The test video with a moving frame in multi-thread performs as compared to the test frame with a single-threaded test video. This test video (Fig. 17) also is a testament to the fact that, as the source of the input frame is moving, more people are moving relatively, and hence more frames are generated, still, there is a comparable amount of processing done. The FPS received for the same case is 0.4129.
The YOLOv3 multi-thread output graph (Fig. 18) shows the result of frames per second (FPS) and processing time with respect to time.
Multi-Thread Tiny-YOLOv3
The Tiny-YOLOv3 with multi-thread performs the fastest as it is a lightweight architecture. The result of detection and classification can be seen in the image (Fig. 19).
The Tiny-YOLOv3 shows the best results in moving camera sources (Fig. 20) as well, as more classifications can be processed easily with multi-threading and small architecture. Tiny-YOLOv3 performs the best for classification, boosted by the presence of multi-tasking making it more stable and efficient [38]. Multi-threading makes efficient resource distribution.
The graph (Fig. 21) visualizes the results of Tiny-YOLOv3 consuming multiple threads.
Multi-Thread SPP-YOLOv3
SPP-YOLOv3 performs detection and classification with ease, due to the SPP detector attached at the beginning of the convolutional layers. The image (Fig. 22) is the result of classification with a multi-thread system and static camera input.
The SPP-YOLOv3 architecture performs well while consuming multiple threads and with a moving camera input frame. The figure 23 presents the output of SPP-YOLOv3 with a moving source of input.
The graph (Fig. 24) shows a linear increase in the FPS and vice versa in Processing time suggesting that the processing time of the frames reduces with time and makes it more efficient.
Comparative Analysis
The models are tested with Intel Core i5 10th generation processor with integrated GPU, trained and weighted on MS COCO dataset. The models are compared with various existing state of art models.
The YOLOv3 executes single-thread and multi-thread programs efficiently (Fig. 25). The difference in the speeds is observed in the following graph. Single thread achieves competitively more FPS as compared to multi-thread. This underlines the fact that processing time for a single thread is less as compared to multi-thread. The range of FPS is 1.5 to 1.8 for a single thread, and 0.3 to 0.6 for multi-thread (Table 4).
Tiny YOLOv3 has the fastest processing speed among all YOLOv3 models tested (Fig. 26). The execution on single thread and multi-thread are most efficient, compared to the rest. The reduced architecture and parameters make it feasible for development in mobile and embedded devices. As observed from the graph, Tiny YOLOv3 FPS results range from 0.2 to 0.6 in a multi-thread as compared to 1.0 to 1.4 in a single thread.
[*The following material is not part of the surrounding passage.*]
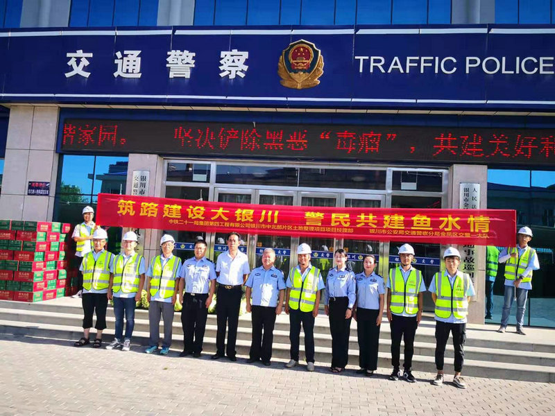 在這個(gè)揮汗如雨的酷熱季節(jié)里,為確保銀川市民出行的暢通,民警同志們頂高溫、斗酷暑,戰(zhàn)斗在城市各條交通要道上,為城市的交通安全做出很大的貢獻(xiàn)。為了表達(dá)對(duì)廣大民警同志辛勤工作的敬意,銀川市中北部片區(qū)土地整理項(xiàng)目部走進(jìn)警營開展了警民共建活動(dòng),對(duì)辛勤的民警表示慰問,也希望通過這次共建活動(dòng),進(jìn)一步加深相互的了解,利用銀川市中北部片區(qū)土地整理項(xiàng)目這個(gè)平臺(tái),共同攜手,為銀川市的和諧、文明和繁榮發(fā)展做出積極的貢獻(xiàn)!

The SPP-YOLOv3 uses 3 different types of max pool sizes for the same images. The model also collects a feature map called “Fixed length representation” before feeding to fixed connected convolutional layers. The range of FPS in single-threaded lies from 1 to 1.4, as compared to 0.4 to 0.6 in multi-thread (Fig. 27).
SSD and YOLOv3, both are single-stage detectors and perform object detection and classification on the given input frame. The fundamental difference in the use of parameters, convolutional layers at the output, receptive fields, aspect ratio, and various grid sizes to calculate confidence values in them leads to the difference in the results [41]. The FPS for YOLOv3 is observed to be higher than the SSD at all points in time in the graphs (Fig. 28).
The YOLOv3 is single-stage detection architecture. On a single thread, all the YOLOv3 models perform invariably to each other. Tiny-YOLOv3 is the best architecture for object detection and classification as it has the highest FPS in a single thread followed by YOLOv3 and SPP-YOLOv3 as observed in the graphs (Fig. 29).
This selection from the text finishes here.